CRAWFORD, TEXAS — There’s mercy in the August breeze in Crawford. It brings relief from the ever-present malevolent heat and humidity at Camp Casey, the makeshift settlement named in honor of Cindy Sheehan’s son, whose life is among the thousands that have been wasted in George W. Bush’s politically pornographic Iraq war/occupation.

Crawford was the last place I ever expected to find a sense of community. I had no interest in visiting the vacation retreats of evil nincompoops. Having just returned from the Voting Rights March in Atlanta, I was plum (peach?) tuckered out. But my absolute abhorrence of the war prompted me to accept Randi Rhodes’s request that I travel to this particular end of the earth as the Camp Casey correspondent for her Air America Radio show.

I was to go for only a few days, but like many US military personnel I found myself pressed into extended service in a stop-loss program. In this case the loss that needed stopping was that of thousands of lives in Iraq. As tough as it is on the ground in Crawford, I’d be much more uncomfortable anyplace else. When you get to know Cindy and other Gold Star Families for Peace, abandoning them to the untender mercilessness of the fire ants, scorpions, water moccasins, rattlers, and Bush functionaries that slither about the president’s prairie playground becomes an unattractive option.
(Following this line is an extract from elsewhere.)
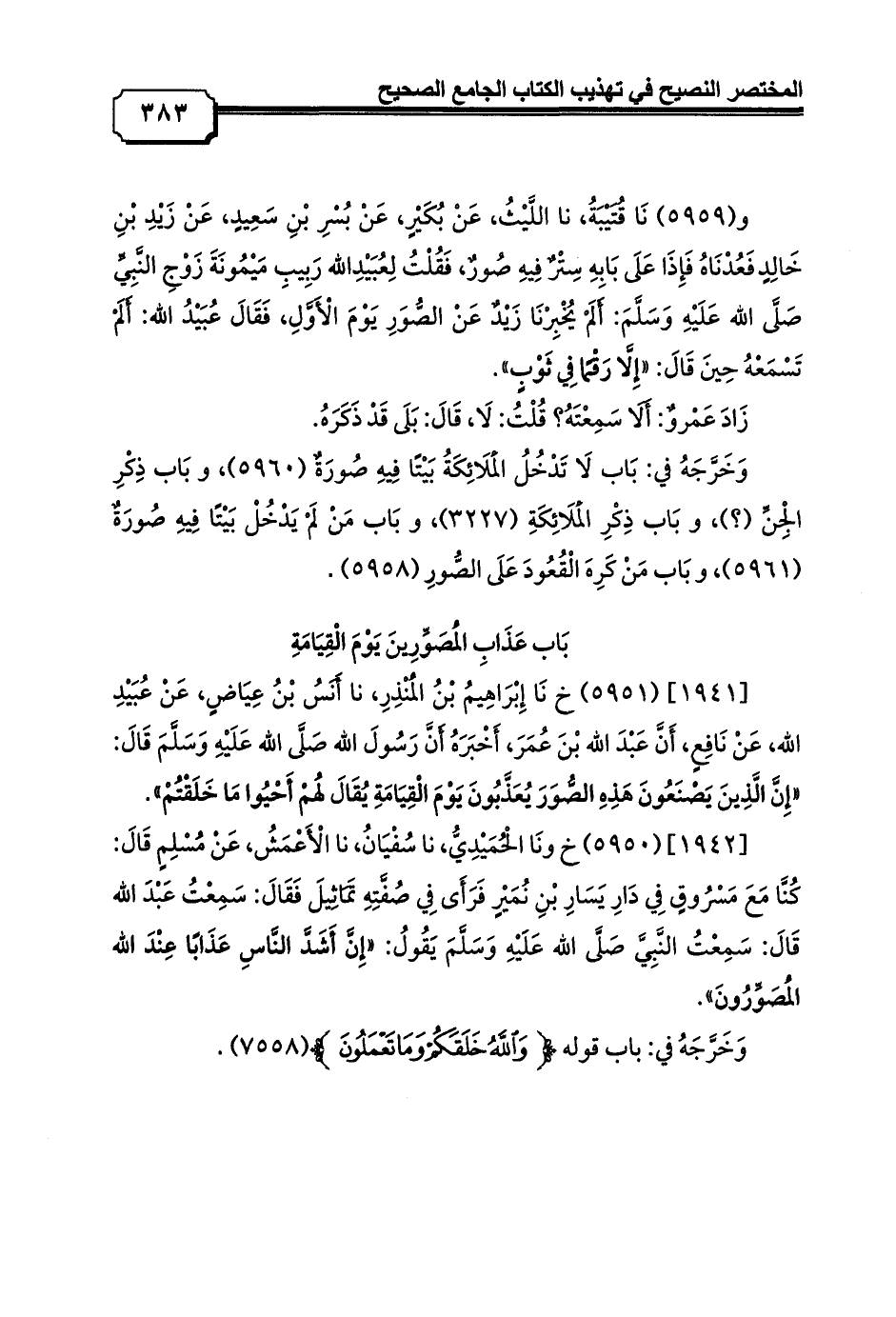 [1941] (5951) خ نَا إِبْرَاهِيمُ بْنُ الْمُنْذِرِ, نا أَنَسُ بْنُ عِيَاضٍ, عَنْ عُبَيْدِ الله, عَنْ نَافِعٍ, أَنَّ عَبْدَ الله بْنَ عُمَرَ, أَخْبَرَهُ أَنَّ رَسُولَ الله صَلَّى الله عَلَيْهِ وَسَلَّمَ قَالَ: «إِنَّ الَّذِينَ يَصْنَعُونَ هَذِهِ الصُّوَرَ يُعَذَّبُونَ يَوْمَ الْقِيَامَةِ يُقَالَ لَهُمْ أَحْيُوا مَا خَلَقْتُمْ».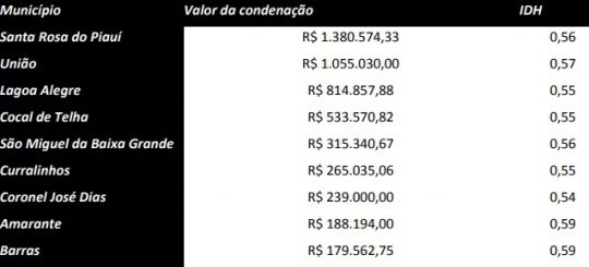 Segundo o relatório, os 10 municípios com mais condenações em improbidade administrativa, também integram a lista dos dos município abaixo da linha da probleza, segundo o ìndice de desenvolvimento Humano (IDH). "A primeira premissa estabelecida é de que os atos de improbidade administrativa analisados neste Projeto desviam recursos governamentais que poderiam ser direcionados para educação, saúde e programas sociais, o que impacta negativamente no bem-estar da população e, por óbvio, é refletido no IDH daquele município" diz o relatório.

Besides, I haven’t had this much fun in years. Thanks to Mrs. Sheehan, some exceedingly friendly enzymes have been introduced into the Belly of the Beast. When you arrive in Crawford, right before the main railroad crossing where the gate comes down several times a day to allow the speedy passage of freight trains hauling bales of war cash to Houston, you cannot miss the Crawford Peace House. The CPH, opened by Texas peace activists on Easter Sunday 2003, is the nerve center of the staging operation for Camp Casey, which is seven miles farther into the rolling hills. At these two locations, the aforementioned Gold Star families and other organizations, such as Veterans for Peace, Iraqi Veterans Against the War, and Military Families Speak Out, coalesce with hundreds of people from across Texas and every state in the union, as well as from Japan, Australia, Iraq, and several European nations. Collectively, they are taking what is becoming the most fabled stand in these parts since the Alamo.

If Fox News had had a turnout as large and thoughtful as this one a few months back in Florida, the Terri Schiavo protest would have looked like Woodstock. The corporate media have minimized Cindy’s large crowds while somehow implying that Bush’s supporters are nearly as prevalent. The fact is that pro-war types have been consistently outnumbered by at least 10 to one, and that’s only during peak times when a few dozen of them arrive simultaneously. Generally they only last long enough to appear on TV.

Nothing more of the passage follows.